>>>>

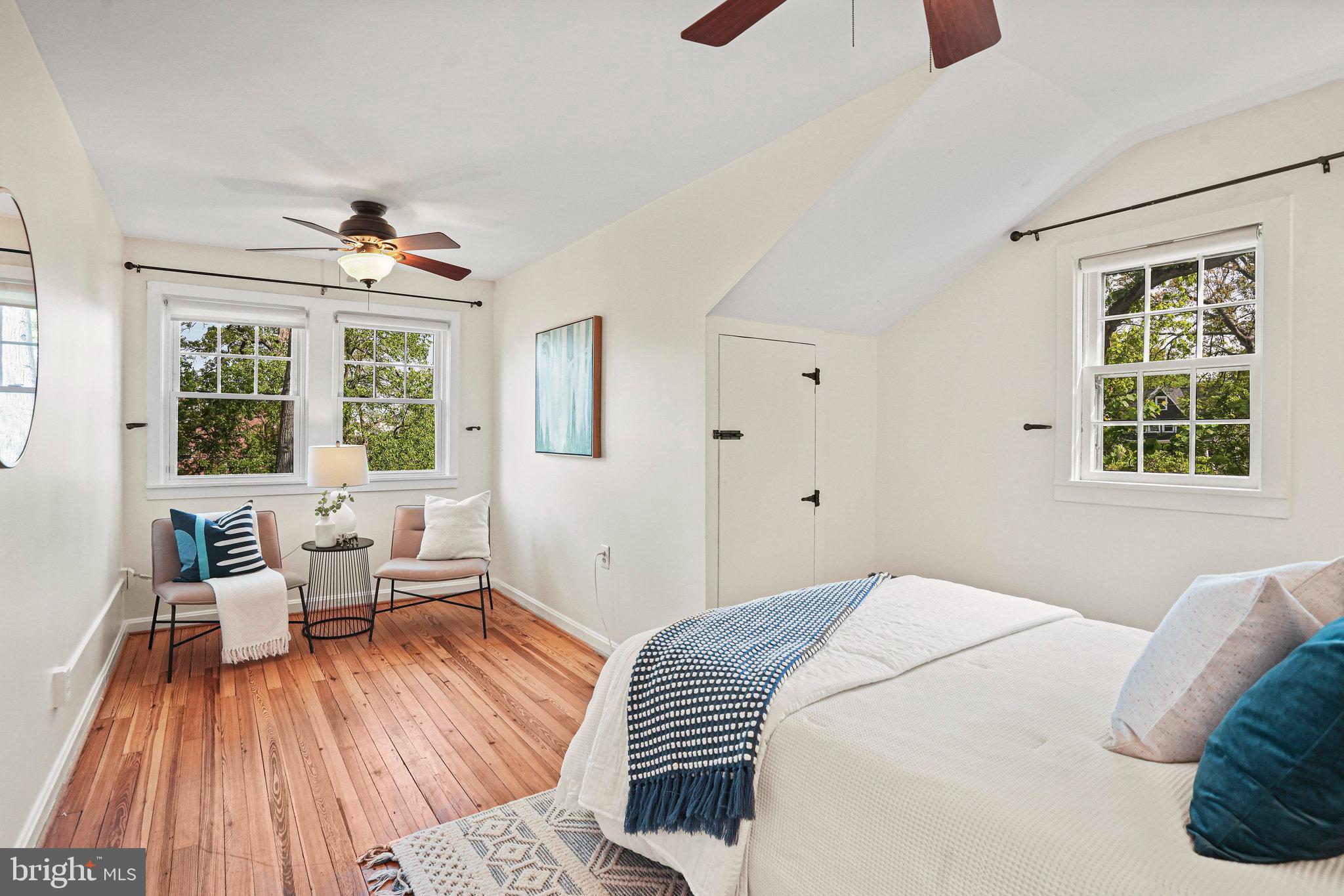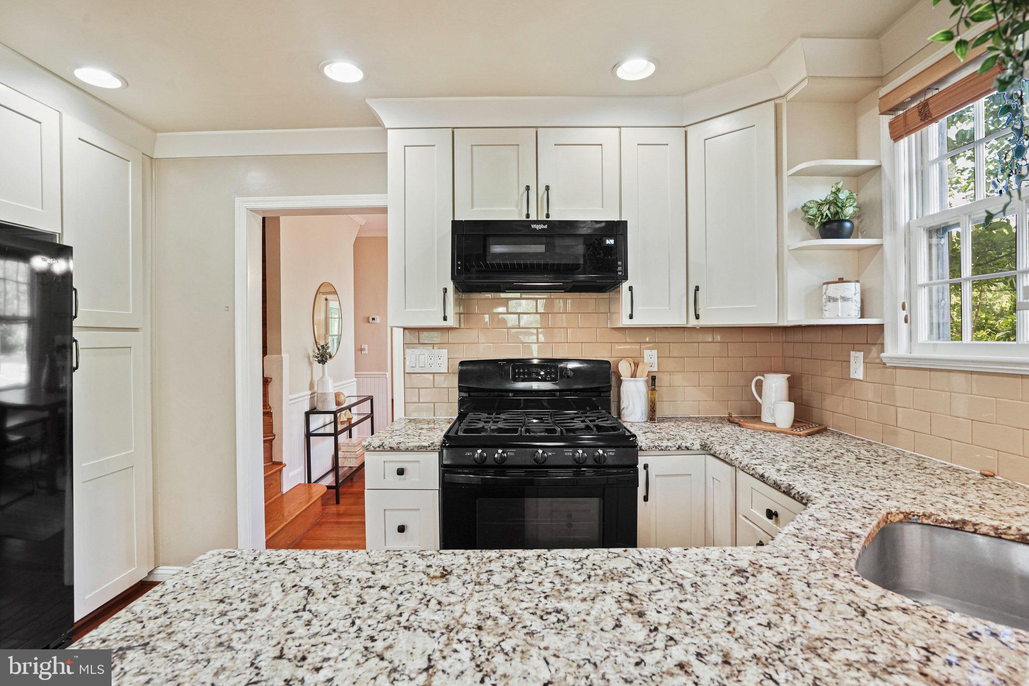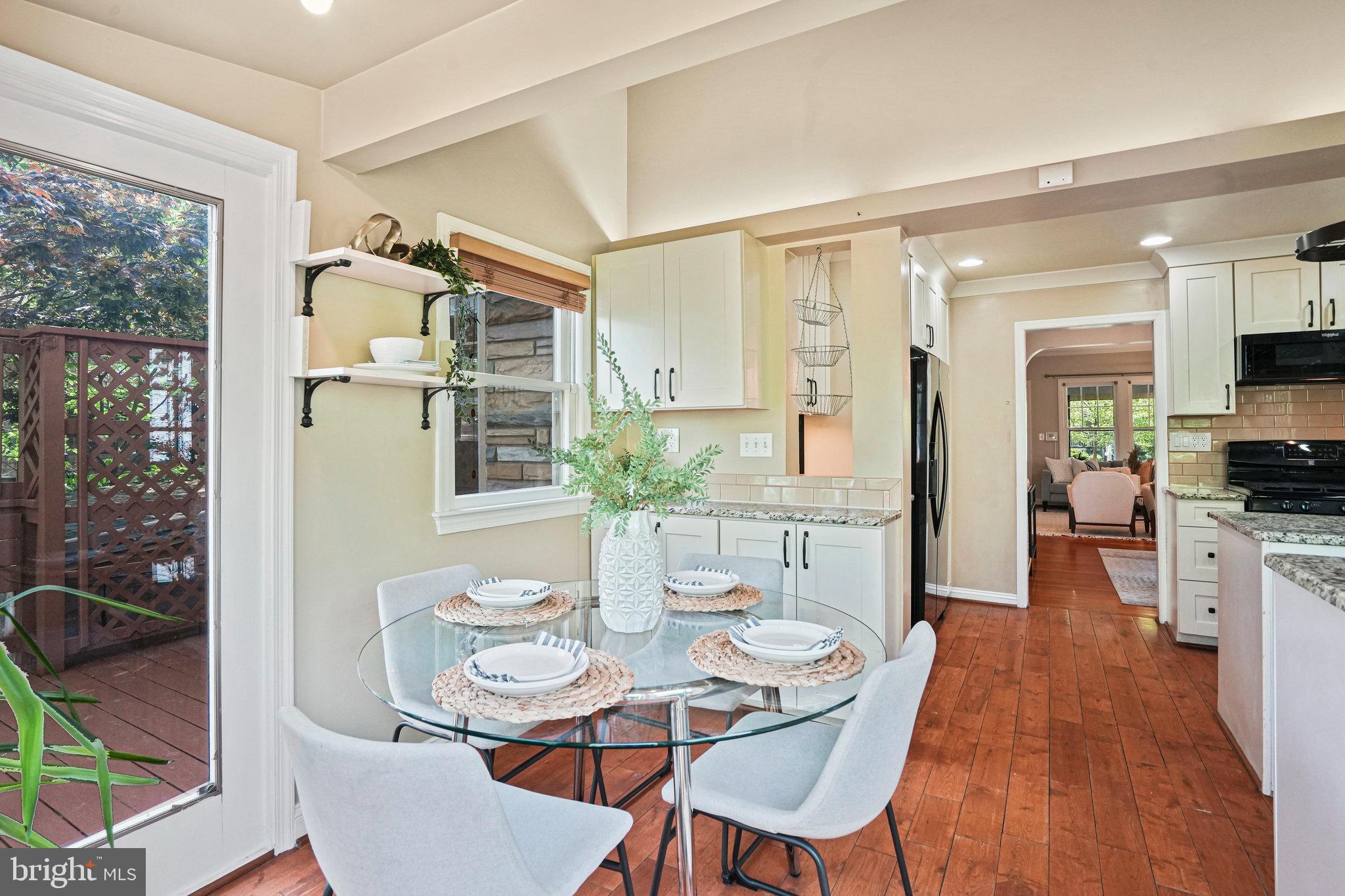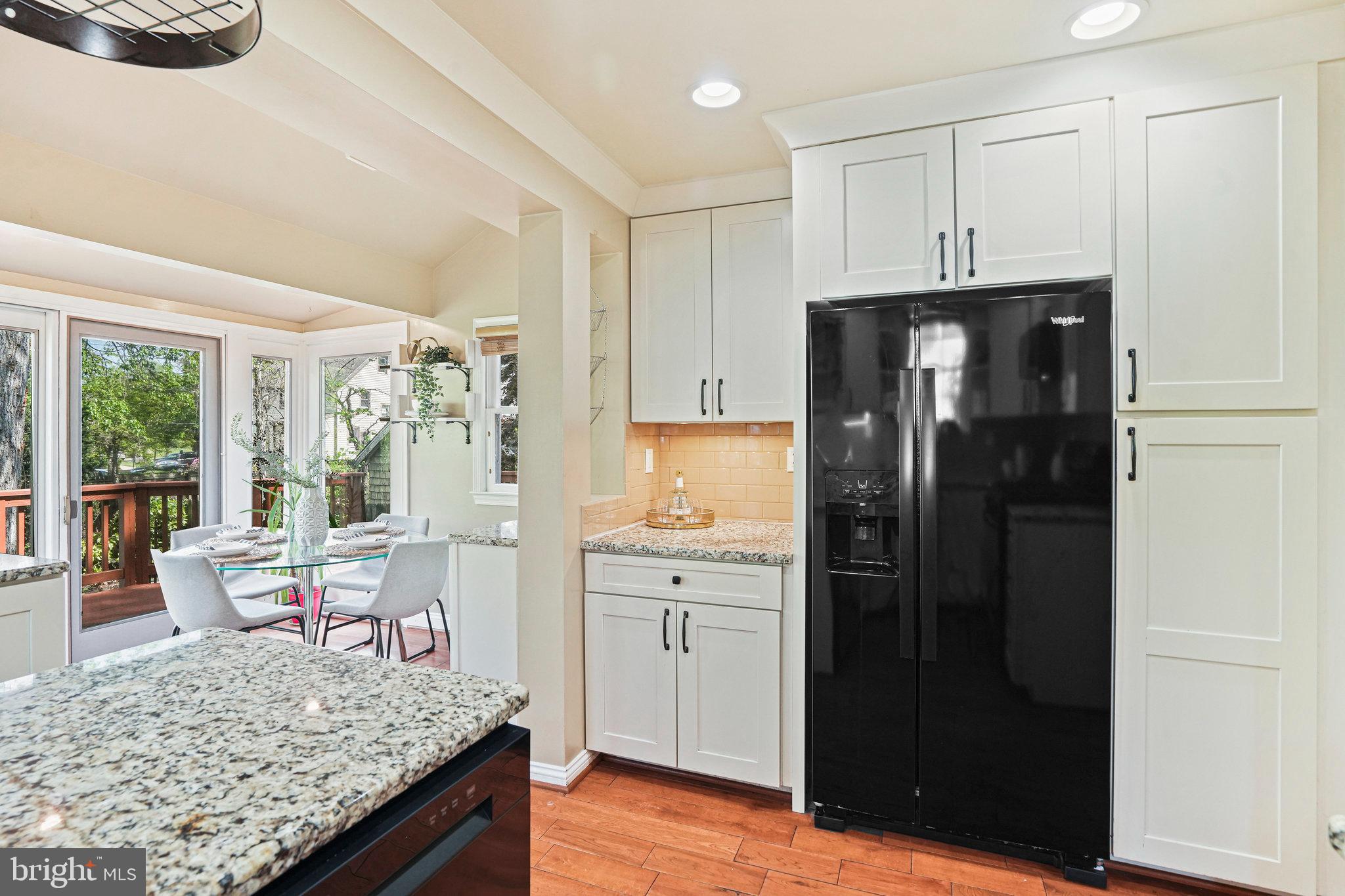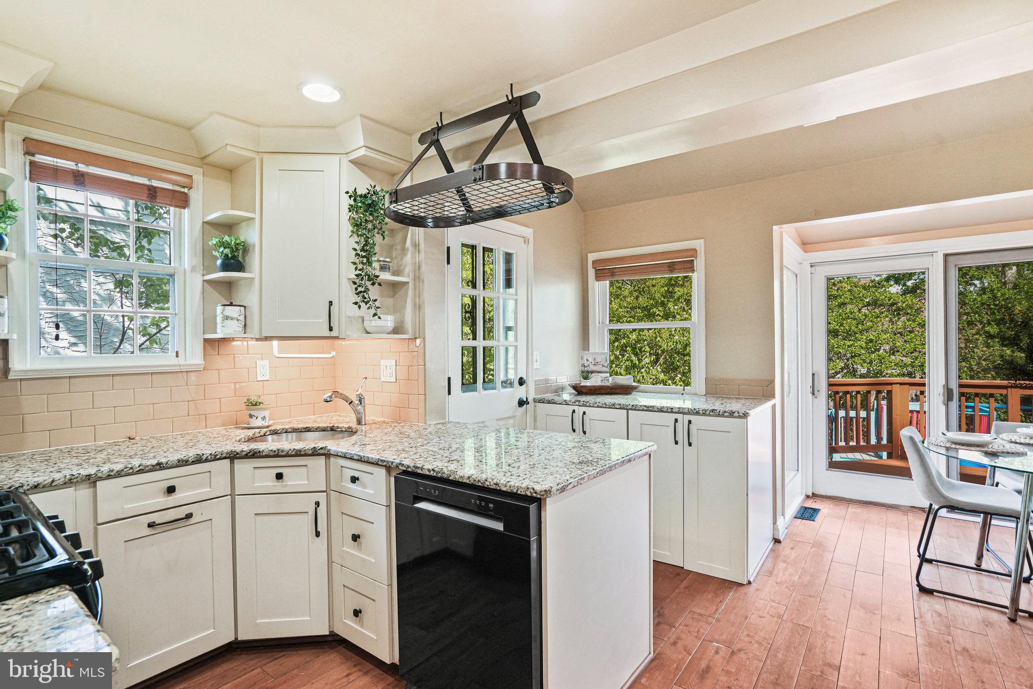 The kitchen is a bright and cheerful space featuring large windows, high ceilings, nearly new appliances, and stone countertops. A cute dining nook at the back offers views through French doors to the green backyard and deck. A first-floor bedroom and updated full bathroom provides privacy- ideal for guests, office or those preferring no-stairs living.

<<<<
>>>>

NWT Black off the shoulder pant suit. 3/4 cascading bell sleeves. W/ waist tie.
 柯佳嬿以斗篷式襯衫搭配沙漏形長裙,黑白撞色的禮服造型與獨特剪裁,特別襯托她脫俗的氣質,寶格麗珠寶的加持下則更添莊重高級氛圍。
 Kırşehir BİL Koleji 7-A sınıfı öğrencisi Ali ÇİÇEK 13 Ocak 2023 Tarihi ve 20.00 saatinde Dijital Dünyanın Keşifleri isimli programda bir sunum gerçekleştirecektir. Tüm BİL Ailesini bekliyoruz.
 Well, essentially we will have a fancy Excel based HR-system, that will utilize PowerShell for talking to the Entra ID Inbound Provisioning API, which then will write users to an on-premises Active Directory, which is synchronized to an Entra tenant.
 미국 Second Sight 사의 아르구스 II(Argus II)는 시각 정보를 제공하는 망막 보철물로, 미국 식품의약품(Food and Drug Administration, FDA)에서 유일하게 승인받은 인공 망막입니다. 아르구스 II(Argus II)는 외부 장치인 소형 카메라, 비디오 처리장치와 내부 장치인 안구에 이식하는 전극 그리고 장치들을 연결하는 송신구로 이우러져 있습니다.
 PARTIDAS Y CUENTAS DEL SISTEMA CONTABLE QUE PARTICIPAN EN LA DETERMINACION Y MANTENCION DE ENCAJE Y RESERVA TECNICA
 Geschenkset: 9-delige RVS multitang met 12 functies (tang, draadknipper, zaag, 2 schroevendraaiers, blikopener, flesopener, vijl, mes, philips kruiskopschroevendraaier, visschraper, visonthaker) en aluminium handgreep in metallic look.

<<<<
>>>>

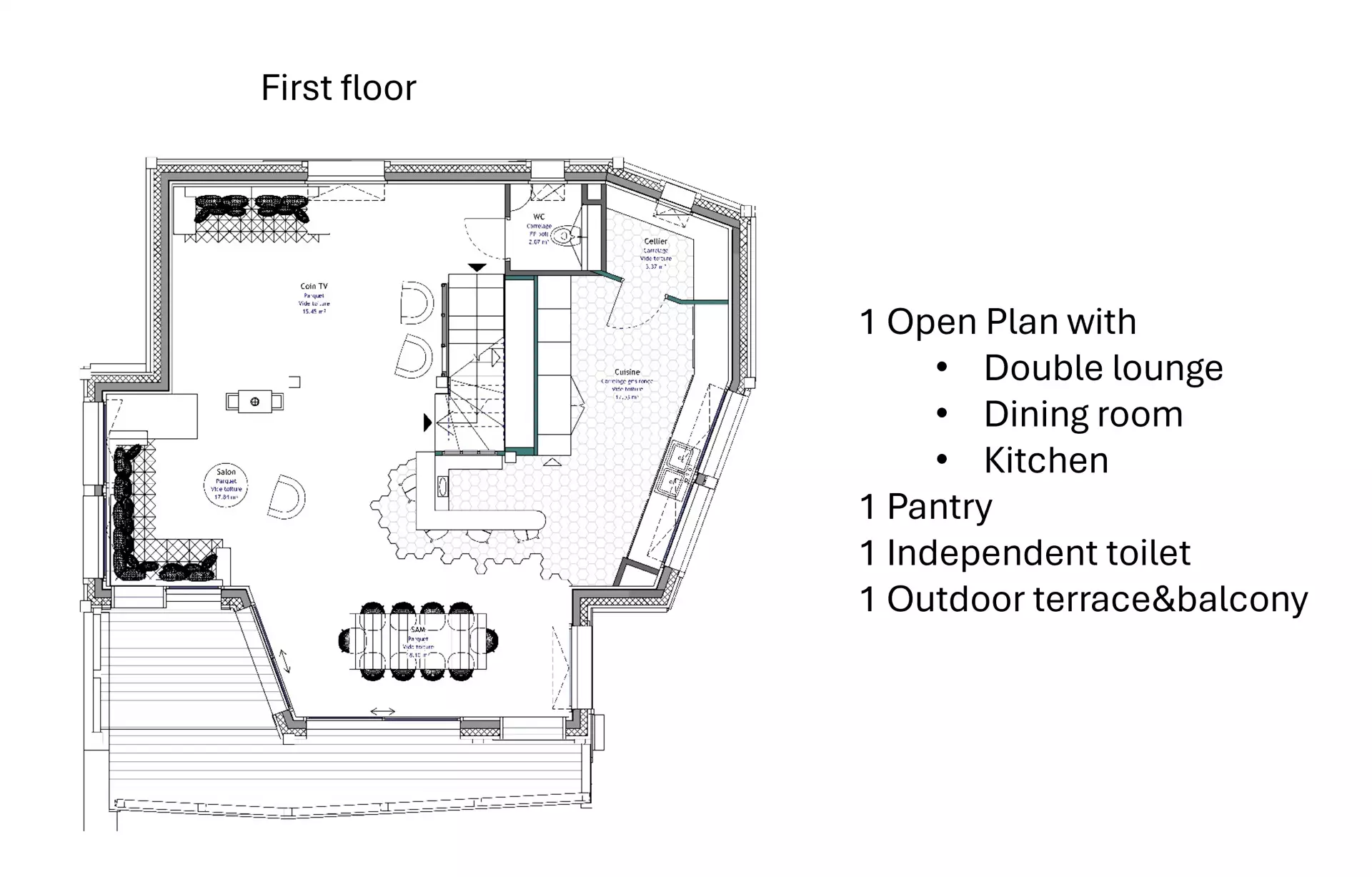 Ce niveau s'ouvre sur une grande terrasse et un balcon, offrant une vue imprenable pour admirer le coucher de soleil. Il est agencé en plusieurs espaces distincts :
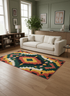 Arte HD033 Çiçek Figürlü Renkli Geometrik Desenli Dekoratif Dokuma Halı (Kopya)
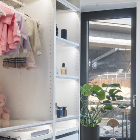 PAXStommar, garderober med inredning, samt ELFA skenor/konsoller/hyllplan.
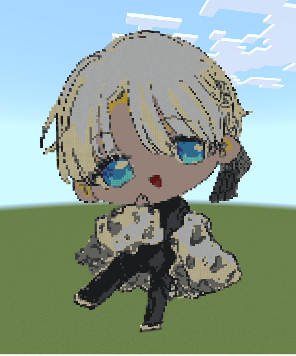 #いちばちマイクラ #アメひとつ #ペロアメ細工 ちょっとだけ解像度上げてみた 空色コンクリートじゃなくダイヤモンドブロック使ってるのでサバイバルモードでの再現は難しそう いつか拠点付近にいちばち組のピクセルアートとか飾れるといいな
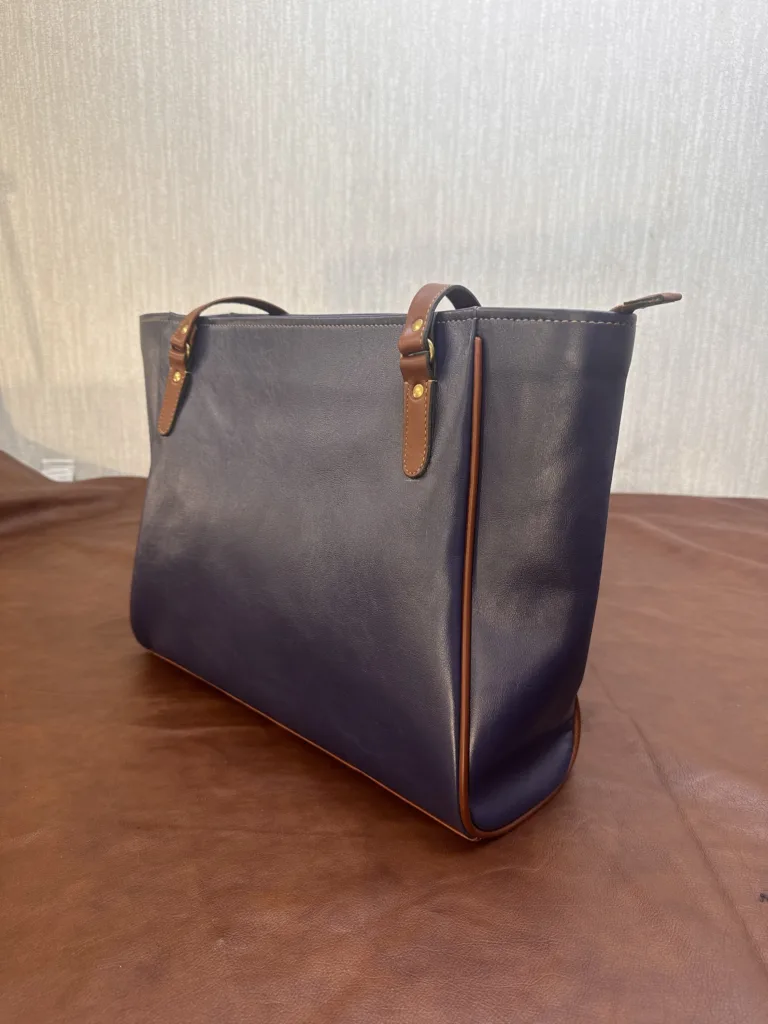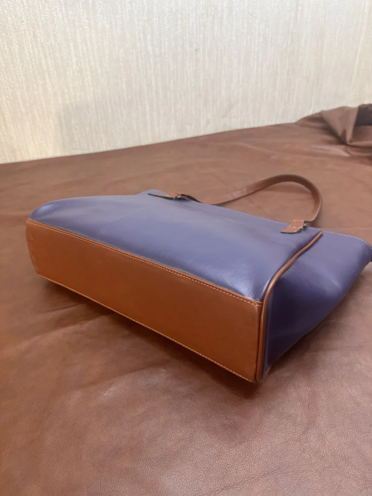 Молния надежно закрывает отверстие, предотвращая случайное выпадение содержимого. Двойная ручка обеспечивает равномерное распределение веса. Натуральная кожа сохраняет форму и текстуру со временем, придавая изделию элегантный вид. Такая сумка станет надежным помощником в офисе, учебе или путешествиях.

<<<<

Work to complete =
From the data above, return every line from the line that has "NWT Black off" up to and including the line that has "Geschenkset: 9-delige RVS", exactly.

Result below =
NWT Black off the shoulder pant suit. 3/4 cascading bell sleeves. W/ waist tie.
 柯佳嬿以斗篷式襯衫搭配沙漏形長裙,黑白撞色的禮服造型與獨特剪裁,特別襯托她脫俗的氣質,寶格麗珠寶的加持下則更添莊重高級氛圍。
 Kırşehir BİL Koleji 7-A sınıfı öğrencisi Ali ÇİÇEK 13 Ocak 2023 Tarihi ve 20.00 saatinde Dijital Dünyanın Keşifleri isimli programda bir sunum gerçekleştirecektir. Tüm BİL Ailesini bekliyoruz.
 Well, essentially we will have a fancy Excel based HR-system, that will utilize PowerShell for talking to the Entra ID Inbound Provisioning API, which then will write users to an on-premises Active Directory, which is synchronized to an Entra tenant.
 미국 Second Sight 사의 아르구스 II(Argus II)는 시각 정보를 제공하는 망막 보철물로, 미국 식품의약품(Food and Drug Administration, FDA)에서 유일하게 승인받은 인공 망막입니다. 아르구스 II(Argus II)는 외부 장치인 소형 카메라, 비디오 처리장치와 내부 장치인 안구에 이식하는 전극 그리고 장치들을 연결하는 송신구로 이우러져 있습니다.
 PARTIDAS Y CUENTAS DEL SISTEMA CONTABLE QUE PARTICIPAN EN LA DETERMINACION Y MANTENCION DE ENCAJE Y RESERVA TECNICA
 Geschenkset: 9-delige RVS multitang met 12 functies (tang, draadknipper, zaag, 2 schroevendraaiers, blikopener, flesopener, vijl, mes, philips kruiskopschroevendraaier, visschraper, visonthaker) en aluminium handgreep in metallic look.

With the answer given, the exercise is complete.